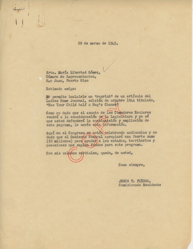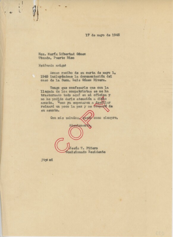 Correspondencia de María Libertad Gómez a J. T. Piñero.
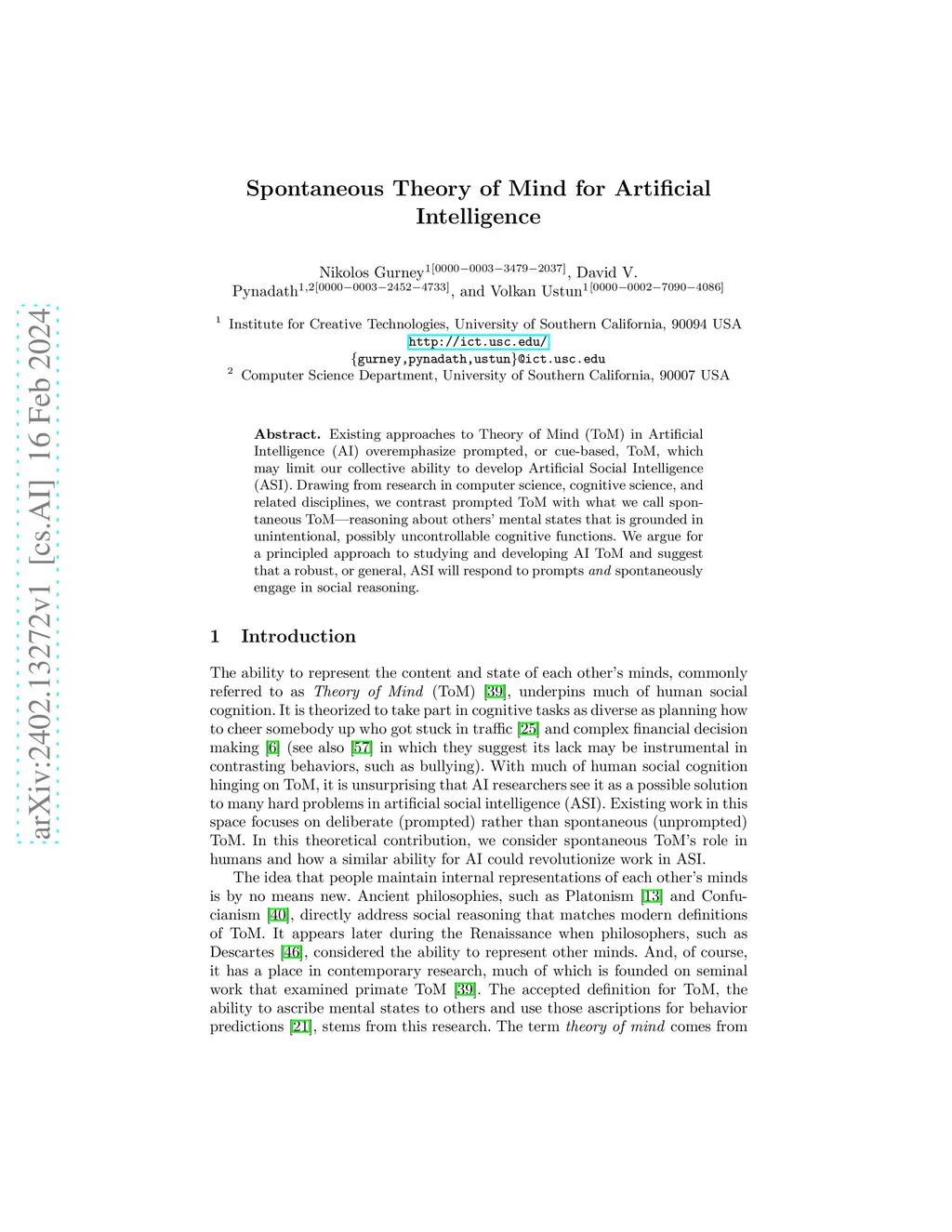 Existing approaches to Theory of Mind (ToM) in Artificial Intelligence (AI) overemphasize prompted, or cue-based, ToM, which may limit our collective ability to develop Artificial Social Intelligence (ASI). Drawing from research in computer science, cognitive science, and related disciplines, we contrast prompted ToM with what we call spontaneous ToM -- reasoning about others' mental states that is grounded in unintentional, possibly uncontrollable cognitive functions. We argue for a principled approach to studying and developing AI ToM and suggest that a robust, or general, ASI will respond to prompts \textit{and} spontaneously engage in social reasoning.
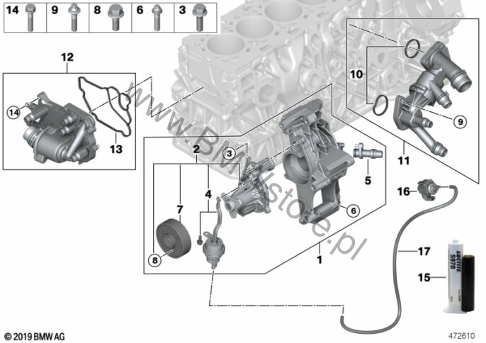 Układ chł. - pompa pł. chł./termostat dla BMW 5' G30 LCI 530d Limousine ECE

▬▬▬

→ **WHAT IS EXPECTED**
All lines above are to be restated word for word, with pictures excluded.

→ **COMPLETED TASK**
 Correspondencia de María Libertad Gómez a J. T. Piñero.
 Existing approaches to Theory of Mind (ToM) in Artificial Intelligence (AI) overemphasize prompted, or cue-based, ToM, which may limit our collective ability to develop Artificial Social Intelligence (ASI). Drawing from research in computer science, cognitive science, and related disciplines, we contrast prompted ToM with what we call spontaneous ToM -- reasoning about others' mental states that is grounded in unintentional, possibly uncontrollable cognitive functions. We argue for a principled approach to studying and developing AI ToM and suggest that a robust, or general, ASI will respond to prompts \textit{and} spontaneously engage in social reasoning.
 Układ chł. - pompa pł. chł./termostat dla BMW 5' G30 LCI 530d Limousine ECE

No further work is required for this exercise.